Verbotsfuror der Politik: Jetzt geraten auch Vapes und Nikotinbeutel ins Visier der Kontrolleure

Es ist ein altbekanntes Schauspiel, das sich in der deutschen Politik mit ermüdender Regelmäßigkeit wiederholt: Kaum taucht ein neues Konsumprodukt am Horizont auf, schon wittert der Staat seine Chance, mit der Verbotskeule loszuschlagen. Diesmal trifft es Vapes und tabakfreie Nikotinbeutel. Hessens Gesundheitsministerin Diana Stolz (CDU) hat sich des Themas angenommen und will, so heißt es, bei der Gesundheitsministerkonferenz in Hannover für eine bundesweit einheitliche Regulierung kämpfen.
Der Jugendschutz als Allzweckwaffe
Stolz begründet ihr Vorhaben mit dem Schutz von Kindern und Jugendlichen. Die Produkte würden durch buntes Design und süße Geschmacksrichtungen gezielt junge Menschen ansprechen und so die Hemmschwelle senken, ließ sie verlauten. Die rauchfreien Alternativen, eigentlich gedacht als weniger schädlicher Ersatz für die klassische Zigarette, seien gleichwohl eine Gefahr für die Gesundheit.
Nun darf man durchaus die Frage stellen: Wer könnte ernsthaft etwas dagegen haben, Minderjährige vor Suchtmitteln zu bewahren? Niemand. Doch genau hier liegt der rhetorische Trick. Der edle Vorwand des Jugendschutzes wird in diesem Land mit schöner Regelmäßigkeit bemüht, um am Ende sämtliche erwachsenen Bürger zu bevormunden.
Gleichwohl stellen sie eine Gefahr für die Gesundheit von Kindern und Jugendlichen dar – mit dieser Formel lässt sich nahezu jedes Verbot rechtfertigen.
Nikotinbeutel im Fadenkreuz
Besonders die tabakfreien Nikotinbeutel hätten es der Ministerin angetan. Diese enthielten zwar keinen Tabak, könnten aber dennoch erhebliche Mengen Nikotin aufweisen und so das Risiko von Abhängigkeit und Entzugserscheinungen erhöhen, so die Argumentation. Stolz forderte klare Vorgaben im Tabakrecht. Das Ziel sei, das Thema dauerhaft auf der bundespolitischen Agenda zu halten.
Wenn der Staat zum Oberlehrer wird
Man muss kein Freund des Nikotinkonsums sein, um eine gewisse Skepsis gegenüber dieser Regulierungswut zu entwickeln. Während in deutschen Städten die Kriminalität explodiert, während die Wirtschaft unter erdrückenden Steuerlasten ächzt und während Bürger sich um ihre Altersvorsorge sorgen, beschäftigen sich die Gesundheitsminister der Länder mit der Frage, in welchem Geschmack ein Nikotinbeutel verkauft werden darf. Setzt die Politik hier wirklich die richtigen Prioritäten?

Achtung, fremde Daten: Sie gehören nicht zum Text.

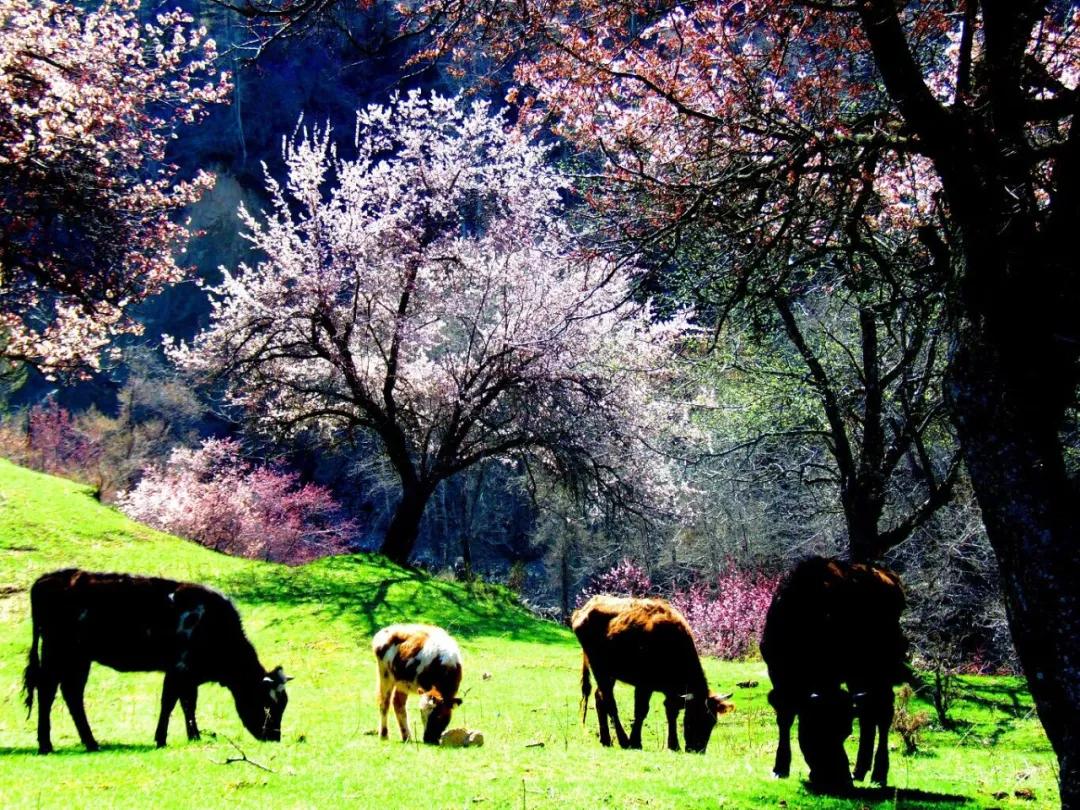 僅杏花而言,入春的伊犁河谷就像是一條分布長(zhǎng)達(dá)300多公里的杏花景觀長(zhǎng)廊。因海拔差異,這些杏花開(kāi)放時(shí)間并不一致,伊寧縣杏花節(jié)過(guò)后,吐?tīng)柛靶恿?、福壽山野生酸梅花、天山紅花次第開(kāi)放,各領(lǐng)風(fēng)騷,讓游客沉醉其中。

Der mündige Bürger, so scheint es, existiert im Denken vieler Politiker längst nicht mehr. An seine Stelle ist ein zu erziehendes Subjekt getreten, das vor jeder eigenen Entscheidung beschützt werden muss. Selbstverständlich gehören Suchtmittel nicht in Kinderhände – doch die Erfahrung lehrt, dass aus dem ehrenwerten Jugendschutz schnell ein flächendeckendes Verbotsregime erwächst, das alle gleichermaßen trifft.
Ein Muster, das sich wiederholt
Wer die Entwicklungen der vergangenen Jahre verfolgt hat, kennt das Drehbuch. Erst die Warnung, dann der Appell, schließlich das Verbot. Ob Heizungsgesetz, Verbrennerausstieg oder Ernährungsvorschriften – stets weiß die Obrigkeit besser, was gut für uns ist. Es bleibt die berechtigte Sorge, dass auch hier am Ende nicht der Schutz der Jugend, sondern die schleichende Entmündigung des Erwachsenen das eigentliche Ergebnis sein wird.
Vielleicht wäre es an der Zeit, dass die Politik ihre Energie wieder auf jene Probleme richtet, die das Land tatsächlich an den Rand bringen – und dem Bürger im Übrigen ein Stück eigene Verantwortung zugesteht.
Hinweis: Dieser Beitrag gibt die Meinung unserer Redaktion wieder und stellt keine medizinische, rechtliche oder gesundheitliche Beratung dar. Für individuelle Fragen wenden Sie sich bitte an entsprechend qualifizierte Fachleute.